4. Conditions for weeds

On a farm, we generally see weeds as something to kill. They are taking the place of a more palatable, desirable species. In regenerative agriculture, we ask why the weeds grew there in the first place. Soils generally have a huge seed bank of all sorts of different species from tree seeds to grasses to weeds – so why, in this case, did a weed grow? When your soil lacks nutrients and structure, it is the perfect environment for weeds to invade. For example, capeweed and flatweed will grow very well on bare soils. Aristotle said that nature abhors a vacuum. This goes for your soils, too. If you leave a space, a weed will take its rightful place. If you cover your soils, these weeds will give you less problems. If you help to foster a good microbial community in your soil, you can expect even less weeds to grow. Weeds are trying to fix something in the soil, but if you create a good environment, they will have no purpose, and so won’t grow.

5. Sometimes it isn’t

I live in Thorpdale, which is spud country. We don’t grow potatoes, but all our neighbours do. This conventional way of growing potatoes goes completely against the principle of covering the soil. I’m not aware of any scalable way to grow potatoes without both creating bare soil and cultivating the soil to a virtual powder.
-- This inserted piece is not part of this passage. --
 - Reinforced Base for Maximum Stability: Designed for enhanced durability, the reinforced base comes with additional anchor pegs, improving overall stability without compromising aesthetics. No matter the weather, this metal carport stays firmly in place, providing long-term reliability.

While a mass market exists for potatoes, and no scalable solution exists, the tough truth is that this principle isn’t always going to work. What’s good for the goose isn’t always good for the gander.

This is an important overlay to these regenerative agriculture principles. They are all context specific. In a grazing situation, it is easy to say that covering the soil is the best thing to do. In that context, any bare soil generally means a loss in productivity. But for a cropping situation, it’s a whole different ball game. It’s an important principle not only in agriculture, but also in life. There is always an exception to the rule. But what about that rule?